── RECORDS FOR PROCESSING

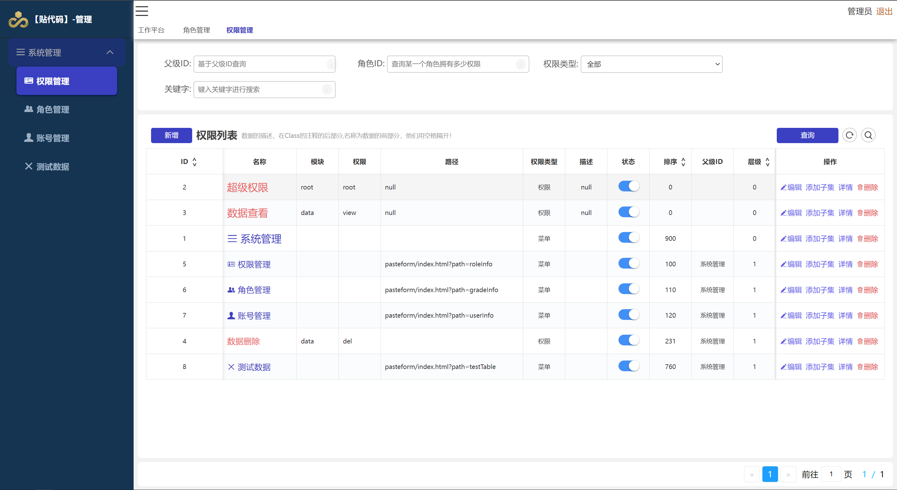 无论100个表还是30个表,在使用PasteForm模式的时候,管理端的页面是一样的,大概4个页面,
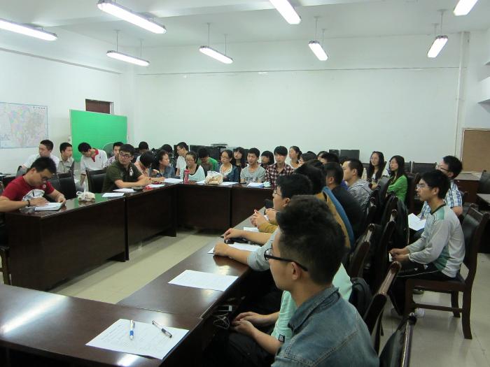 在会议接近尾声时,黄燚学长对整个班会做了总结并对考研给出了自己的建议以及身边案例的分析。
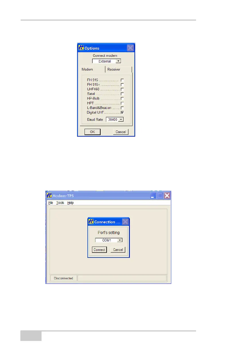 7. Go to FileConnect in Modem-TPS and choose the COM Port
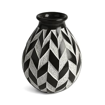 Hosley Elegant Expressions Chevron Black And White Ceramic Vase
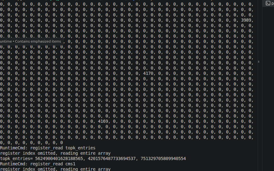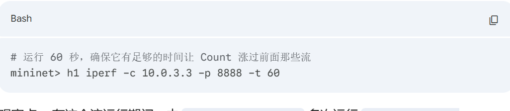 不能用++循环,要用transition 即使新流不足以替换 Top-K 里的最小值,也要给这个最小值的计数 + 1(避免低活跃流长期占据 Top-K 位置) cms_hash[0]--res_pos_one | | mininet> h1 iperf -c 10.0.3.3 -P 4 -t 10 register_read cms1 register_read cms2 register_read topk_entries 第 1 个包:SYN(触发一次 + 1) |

────

◆ WHAT THE EXERCISE ASKS: Go to the line that contains "Hosley Elegant Expressions" and copy it and every line after it through the end of the entries, exactly, without the pictures.

◆ RESULT:
 Hosley Elegant Expressions Chevron Black And White Ceramic Vase
 不能用++循环,要用transition 即使新流不足以替换 Top-K 里的最小值,也要给这个最小值的计数 + 1(避免低活跃流长期占据 Top-K 位置) cms_hash[0]--res_pos_one | | mininet> h1 iperf -c 10.0.3.3 -P 4 -t 10 register_read cms1 register_read cms2 register_read topk_entries 第 1 个包:SYN(触发一次 + 1) |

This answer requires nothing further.